Genetic Determinants of Lipids and Cardiovascular Disease Outcomes: A Wide-Angled Mendelian Randomization Investigation

Elias Allara  1   2 Gabriele Morani  3 Paul Carter  1 Apostolos Gkatzionis  4 Verena Zuber  4   5 Christopher N Foley  4 Jessica M B Rees  1   6 Amy M Mason  1   7 Steven Bell  1   2 Dipender Gill  5 Sara Lindström  8 Adam S Butterworth  1   2   7   9 Emanuele Di Angelantonio  1   2   7   9 James Peters  1   9 Stephen Burgess  1   4 INVENT consortium
Affiliations

Genetic Determinants of Lipids and Cardiovascular Disease Outcomes: A Wide-Angled Mendelian Randomization Investigation

Elias Allara et al. Circ Genom Precis Med. 2019 Dec.

Abstract

Background: Evidence from randomized trials has shown that therapies that lower LDL (low-density lipoprotein)-cholesterol and triglycerides reduce coronary artery disease (CAD) risk. However, there is still uncertainty about their effects on other cardiovascular outcomes. We therefore performed a systematic investigation of causal relationships between circulating lipids and cardiovascular outcomes using a Mendelian randomization approach.

Methods: In the primary analysis, we performed 2-sample multivariable Mendelian randomization using data from participants of European ancestry. We also conducted univariable analyses using inverse-variance weighted and robust methods, and gene-specific analyses using variants that can be considered as proxies for specific lipid-lowering medications. We obtained associations with lipid fractions from the Global Lipids Genetics Consortium, a meta-analysis of 188 577 participants, and genetic associations with cardiovascular outcomes from 367 703 participants in UK Biobank.

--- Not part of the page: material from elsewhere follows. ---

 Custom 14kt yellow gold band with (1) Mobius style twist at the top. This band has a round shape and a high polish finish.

Results: For LDL-cholesterol, in addition to the expected positive associations with CAD risk (odds ratio [OR] per 1 SD increase, 1.45 [95% CI, 1.35-1.57]) and other atheromatous outcomes (ischemic cerebrovascular disease and peripheral vascular disease), we found independent associations of genetically predicted LDL-cholesterol with abdominal aortic aneurysm (OR, 1.75 [95% CI, 1.40-2.17]) and aortic valve stenosis (OR, 1.46 [95% CI, 1.25-1.70]). Genetically predicted triglyceride levels were positively associated with CAD (OR, 1.25 [95% CI, 1.12-1.40]), aortic valve stenosis (OR, 1.29 [95% CI, 1.04-1.61]), and hypertension (OR, 1.17 [95% CI, 1.07-1.27]), but inversely associated with venous thromboembolism (OR, 0.79 [95% CI, 0.67-0.93]) and hemorrhagic stroke (OR, 0.78 [95% CI, 0.62-0.98]). We also found positive associations of genetically predicted LDL-cholesterol and triglycerides with heart failure that appeared to be mediated by CAD.

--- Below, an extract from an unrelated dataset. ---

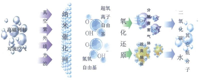 二、 先利于超强高磁对流对有机废气或无机废气进行快速列解分裂打短,再利用高能高臭氧UV紫外线光束分解空气中的氧分子产生游离氧,即活性氧,因游离氧所携正负电子不平衡所以需与氧分子结合,进而产生臭氧,最后通过臭氧发生器制造足够的氧离子对废气进行氧化,达到让废气生成二氧化碳和水的效果。有机废气→对流高磁+光解臭氧发生器制造足够的氧离子对废气进行氧化,达到让废气生成二氧化碳和水的效果。有机废气→对流高磁+光解+高压点解+O2→O3→CO2+H2O(达标排放),众所周知臭氧对有机物具有极强的氧化作用,对恶臭气体及其它刺激性异味有立竿见影的清除效果。

Conclusions: Lowering LDL-cholesterol is likely to prevent abdominal aortic aneurysm and aortic stenosis, in addition to CAD and other atheromatous cardiovascular outcomes. Lowering triglycerides is likely to prevent CAD and aortic valve stenosis but may increase thromboembolic risk.

Keywords: Mendelian randomization; aortic valve stenosis; epidemiology; lipids; venous thromboembolism.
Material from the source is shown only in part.